Invitée #15. Karine Fléjo

« Novembre 1954. Dans neuf jours et neuf nuits, le camp d’Ellis Island, lieu de passage principal des immigrants qui arrivent aux Etats-Unis, va fermer ses portes. Pour John Mitchell, son directeur, dernier occupant des lieux, c’est l’heure du bilan. Et de se remémorer les drames qui ont jalonné ses quarante-cinq années de service, du décès de sa femme tant aimée à son amour interdit avec Nella, une immigrante sarde. Entre devoir et compassion, raison et sentiments, responsabilité et culpabilité, il fait défiler sur l’écran de ses pensées les milliers d’hommes, de femmes et d’enfants en quête d’un avenir meilleur à avoir tenté leur chance en ces lieux. Et d’être animé par l’urgence de coucher ses souvenirs sur le papier, d’alléger quelque peu le fardeau de la culpabilité par l’aveu. Avec une écriture sobre, ciselée, aussi vibrante que belle, Gaëlle Josse dresse le portrait d’un homme viscéralement attachant, qui toute sa vie aura essayé d’être un employé irréprochable, mais sera avant tout et surtout resté un humain. Un roman magnifique ».

Le dernier gardien d’Ellis Island, de Gaëlle Josse**, aux Editions Notab/lia. En librairie depuis avril.
* Ceci dit, nous ne fûmes pas que deux.

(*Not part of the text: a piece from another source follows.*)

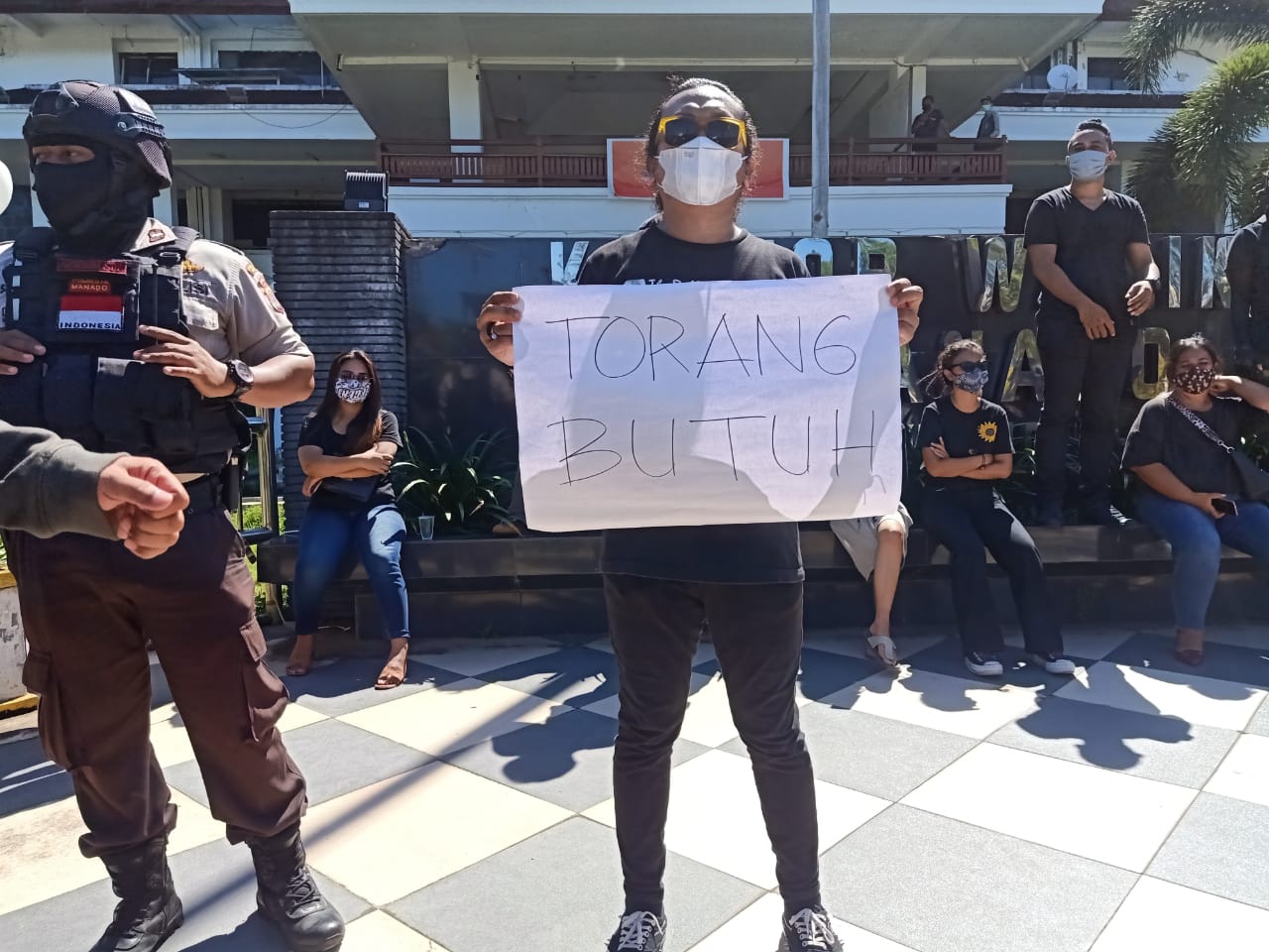Manado, Barta1.com – Sejumlah massa yang tergabung dalam Aliansi Pekerja Seni Sulut Bersatu menggelar aksi unjuk rasa di depan Kantor Wali Kota Manado, Kamis (25/2/2021). Mereka berunjuk rasa karena dipicu pembatasan waktu di tempat keramaian. Setelah satu jam menggelar aksi menggunakan alat musik full band, beberapa perwakilan dipanggil Pemkot Manado untuk melakukan mediasi.
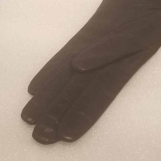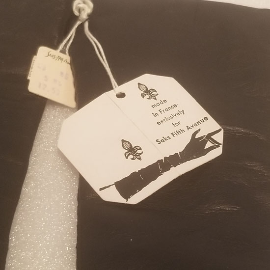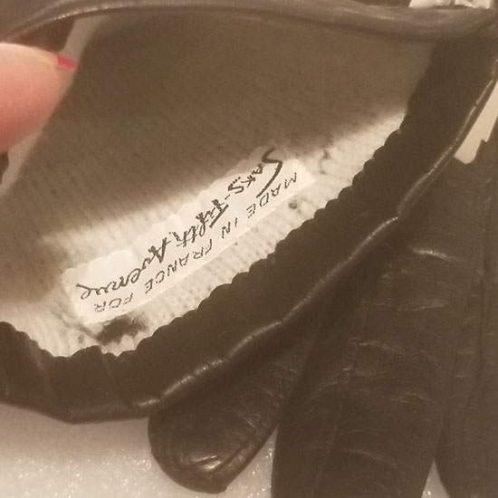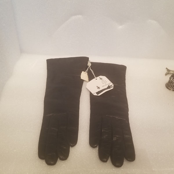 Vintage w/ tags Made in France for Saks Fifth Ave. leather long ladies dress gloves. Black color, size 6 1/2. Has 2 tags on them still, never worn. The lining is wool. around the tag on the inside the wool is separated from the tag a bit.

Entre les organisateurs, les éditeurs, les jurés, les invités des autres, les gourmands, les affamés, les pique-assiettes, les journalistes, nous fûmes ce soir là près de deux cents, chez Harcourt.
**Pour la petite histoire, j’ai eu l’honneur de présider en 2012 le dixième Prix du Marais organisé par la très dynamique Médiathèque de Lomme (59) et la joie de remettre ce Prix (doté, net d’impôt) à Gaëlle pour ses formidables Heures Silencieuses, parues aux éditions Autrement.

 

Bien avant l’heure.

Siodmark

Écrit en 1942, publié par Gallimard en 1949, ce roman noir dont Gaston Gallimard disait aux détracteurs du genre que, s’il les éditait, « c’est parce qu’il faut bien que je paye mes poètes », est une merveille d’anticipation, bien avant 1984 ou, plus récemment, la série Real Humans. Voici l’histoire du cerveau d’un nabab (corps explosé dans le crash de son avion) qui prend doucement possession de la chair, des viscères, des yeux, des mains d’un autre. Il l’envahit. Le manipule. Le soumet. Un petit cousin du Démon de Selby Jr. Sans le savoir, Siodmak – qui était surtout scénariste de films d’horreur, signait un texte glaçant sur la manipulation ; à considérer sérieusement, à l’heure où ni Google, ni Facebook, ni personne d’ailleurs, ne nous possède, ne nous utilise, ne nous vend, ni ne nous ment.

Le cerveau du nabab, de Curt Siodmak, éditions Gallimard, Série Noire. (Il reste quelques occasions sur fnac.com).